Carruthers's hand, upon the bed, replaced it in
her pocket, and rang the bell for Dixon.

"My mistress is very ill," she said, when
Dixon entered the room. "You had better go
and find master, and send him here. Tell him
to send for Dr. Munns at once."

"Dixon gave a frightened, sympathising
glance at the figure on the bed, over which the
old woman was bending with such kindly
solicitude, and then departed on her errand. She
found Mr. Carruthers still in the breakfast-room.
He was seated at the table, and held in his hand
a newspaper, from which he had evidently been
reading, when Dixon knocked at the door; for
he was holding it slightly aside, and poising his
gold eye-glass in the other hand, when the woman
entered.
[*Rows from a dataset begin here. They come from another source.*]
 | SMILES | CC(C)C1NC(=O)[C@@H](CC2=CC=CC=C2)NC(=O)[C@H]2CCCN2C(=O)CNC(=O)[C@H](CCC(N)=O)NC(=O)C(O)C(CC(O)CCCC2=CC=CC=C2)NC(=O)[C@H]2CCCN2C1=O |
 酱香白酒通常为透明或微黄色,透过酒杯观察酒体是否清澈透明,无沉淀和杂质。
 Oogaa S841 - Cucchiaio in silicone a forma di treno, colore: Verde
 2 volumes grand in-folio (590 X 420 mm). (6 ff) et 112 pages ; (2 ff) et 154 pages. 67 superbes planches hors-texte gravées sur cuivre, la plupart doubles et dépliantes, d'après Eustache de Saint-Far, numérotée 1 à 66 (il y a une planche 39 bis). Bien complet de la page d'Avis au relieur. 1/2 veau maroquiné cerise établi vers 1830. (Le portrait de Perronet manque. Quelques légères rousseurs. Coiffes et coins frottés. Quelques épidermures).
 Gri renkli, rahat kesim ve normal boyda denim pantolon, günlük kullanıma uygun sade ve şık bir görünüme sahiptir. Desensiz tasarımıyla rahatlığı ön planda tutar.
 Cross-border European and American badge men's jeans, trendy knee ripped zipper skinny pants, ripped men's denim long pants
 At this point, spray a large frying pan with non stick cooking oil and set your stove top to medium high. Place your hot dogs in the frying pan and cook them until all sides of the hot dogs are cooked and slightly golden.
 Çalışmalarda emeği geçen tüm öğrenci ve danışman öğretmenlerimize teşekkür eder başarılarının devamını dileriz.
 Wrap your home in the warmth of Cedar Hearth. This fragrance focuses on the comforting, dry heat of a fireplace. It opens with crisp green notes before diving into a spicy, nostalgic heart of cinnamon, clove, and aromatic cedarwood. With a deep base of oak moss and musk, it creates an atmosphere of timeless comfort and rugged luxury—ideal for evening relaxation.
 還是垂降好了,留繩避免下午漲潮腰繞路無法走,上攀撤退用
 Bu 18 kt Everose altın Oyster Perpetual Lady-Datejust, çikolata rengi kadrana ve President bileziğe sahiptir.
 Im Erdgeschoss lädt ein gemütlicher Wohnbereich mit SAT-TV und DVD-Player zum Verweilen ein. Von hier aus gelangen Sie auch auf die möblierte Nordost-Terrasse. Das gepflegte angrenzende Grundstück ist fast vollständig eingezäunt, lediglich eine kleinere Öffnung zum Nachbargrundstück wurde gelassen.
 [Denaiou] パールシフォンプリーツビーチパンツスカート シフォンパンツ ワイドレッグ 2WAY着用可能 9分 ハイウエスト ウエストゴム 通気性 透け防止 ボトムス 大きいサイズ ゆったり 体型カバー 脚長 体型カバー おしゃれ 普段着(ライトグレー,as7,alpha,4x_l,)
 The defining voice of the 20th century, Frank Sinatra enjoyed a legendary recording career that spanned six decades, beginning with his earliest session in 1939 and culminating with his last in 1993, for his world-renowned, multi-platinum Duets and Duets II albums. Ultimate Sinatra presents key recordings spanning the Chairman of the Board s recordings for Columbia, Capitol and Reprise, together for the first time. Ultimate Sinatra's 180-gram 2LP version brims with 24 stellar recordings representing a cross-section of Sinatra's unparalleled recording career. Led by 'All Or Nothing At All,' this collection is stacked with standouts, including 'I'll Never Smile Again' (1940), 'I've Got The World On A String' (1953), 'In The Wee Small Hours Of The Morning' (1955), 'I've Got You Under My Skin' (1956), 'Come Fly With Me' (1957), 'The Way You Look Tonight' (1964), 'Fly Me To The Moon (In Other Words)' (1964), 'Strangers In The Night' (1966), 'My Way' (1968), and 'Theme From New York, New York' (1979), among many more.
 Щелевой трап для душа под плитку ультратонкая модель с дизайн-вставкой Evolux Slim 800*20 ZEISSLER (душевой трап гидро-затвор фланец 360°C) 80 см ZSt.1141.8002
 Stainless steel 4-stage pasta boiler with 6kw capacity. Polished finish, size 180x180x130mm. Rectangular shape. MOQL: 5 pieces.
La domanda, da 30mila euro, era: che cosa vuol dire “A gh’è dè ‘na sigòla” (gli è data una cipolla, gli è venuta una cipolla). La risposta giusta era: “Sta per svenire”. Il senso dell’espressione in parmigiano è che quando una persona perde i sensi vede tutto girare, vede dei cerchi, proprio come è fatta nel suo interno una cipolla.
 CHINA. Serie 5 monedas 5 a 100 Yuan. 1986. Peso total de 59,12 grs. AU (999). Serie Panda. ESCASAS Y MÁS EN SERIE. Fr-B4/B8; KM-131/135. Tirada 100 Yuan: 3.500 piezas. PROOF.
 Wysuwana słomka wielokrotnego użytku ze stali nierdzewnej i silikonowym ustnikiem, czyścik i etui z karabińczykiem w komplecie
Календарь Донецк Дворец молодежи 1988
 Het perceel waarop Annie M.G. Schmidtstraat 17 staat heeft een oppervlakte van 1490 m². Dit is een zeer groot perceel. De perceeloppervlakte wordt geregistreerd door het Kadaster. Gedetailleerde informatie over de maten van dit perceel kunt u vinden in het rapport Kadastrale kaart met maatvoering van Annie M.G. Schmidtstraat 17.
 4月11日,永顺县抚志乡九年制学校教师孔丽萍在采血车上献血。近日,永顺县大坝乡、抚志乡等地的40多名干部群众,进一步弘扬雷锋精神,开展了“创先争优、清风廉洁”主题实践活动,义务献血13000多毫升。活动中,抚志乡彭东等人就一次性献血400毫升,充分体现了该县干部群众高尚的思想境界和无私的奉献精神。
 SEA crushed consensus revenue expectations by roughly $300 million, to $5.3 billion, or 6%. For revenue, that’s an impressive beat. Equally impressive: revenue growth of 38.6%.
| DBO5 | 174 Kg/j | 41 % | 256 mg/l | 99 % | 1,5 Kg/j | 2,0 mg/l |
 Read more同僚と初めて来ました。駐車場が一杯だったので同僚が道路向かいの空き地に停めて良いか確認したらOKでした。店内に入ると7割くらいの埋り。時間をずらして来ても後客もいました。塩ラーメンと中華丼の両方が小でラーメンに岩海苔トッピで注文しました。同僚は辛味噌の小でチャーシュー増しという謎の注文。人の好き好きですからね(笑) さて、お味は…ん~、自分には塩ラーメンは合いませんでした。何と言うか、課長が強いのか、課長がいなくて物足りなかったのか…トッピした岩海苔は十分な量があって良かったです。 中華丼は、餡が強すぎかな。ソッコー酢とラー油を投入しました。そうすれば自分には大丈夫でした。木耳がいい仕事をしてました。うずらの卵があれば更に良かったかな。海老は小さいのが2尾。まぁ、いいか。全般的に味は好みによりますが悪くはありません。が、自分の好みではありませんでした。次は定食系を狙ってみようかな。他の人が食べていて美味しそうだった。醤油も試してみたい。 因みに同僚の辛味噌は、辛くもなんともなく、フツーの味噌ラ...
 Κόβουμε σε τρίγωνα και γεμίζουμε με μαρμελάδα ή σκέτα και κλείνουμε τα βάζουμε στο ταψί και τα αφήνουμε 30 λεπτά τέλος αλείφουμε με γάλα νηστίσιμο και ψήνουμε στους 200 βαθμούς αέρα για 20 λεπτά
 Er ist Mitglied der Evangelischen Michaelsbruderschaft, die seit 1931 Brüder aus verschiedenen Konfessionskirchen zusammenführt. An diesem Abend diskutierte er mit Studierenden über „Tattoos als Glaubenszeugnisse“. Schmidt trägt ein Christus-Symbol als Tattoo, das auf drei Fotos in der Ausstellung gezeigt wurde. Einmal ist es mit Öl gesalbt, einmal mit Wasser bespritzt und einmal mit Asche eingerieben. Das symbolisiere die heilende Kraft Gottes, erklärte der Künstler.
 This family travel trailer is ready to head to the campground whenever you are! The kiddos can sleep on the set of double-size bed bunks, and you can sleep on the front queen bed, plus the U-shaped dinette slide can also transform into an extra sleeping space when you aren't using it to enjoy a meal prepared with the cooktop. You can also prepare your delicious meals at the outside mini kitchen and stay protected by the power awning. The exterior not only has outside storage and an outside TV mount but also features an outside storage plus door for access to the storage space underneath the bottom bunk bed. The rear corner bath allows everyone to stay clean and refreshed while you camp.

Mr. Carruthers was unaccustomed to
being disturbed, and he did not like it, so that
it was in a tone of some impatience that he said:

"Well, Dixon, what do you want?"

"If you please, sir," replied Dixon, hesitatingly,
"my mistress is not well."

"So I hear," returned her master; " she sent
word she did not mean to appear at breakfast."
He said it rather huffily, for not to appear at
breakfast was, in Mr. Carruthers's eyes, not to
have a well-regulated mind, and not to have a
well-regulated mind was very lamentable and
shocking indeed.

"Yes, sir," Dixon went on, "but I'm afraid
she's very ill indeed. She has been fainting
this long time, sir, and Mrs. Brookes can't bring
her to at all. She sent me to ask you to send
for Dr. Muuns at once, and will you have the
goodness to step up and see my mistress, sir?"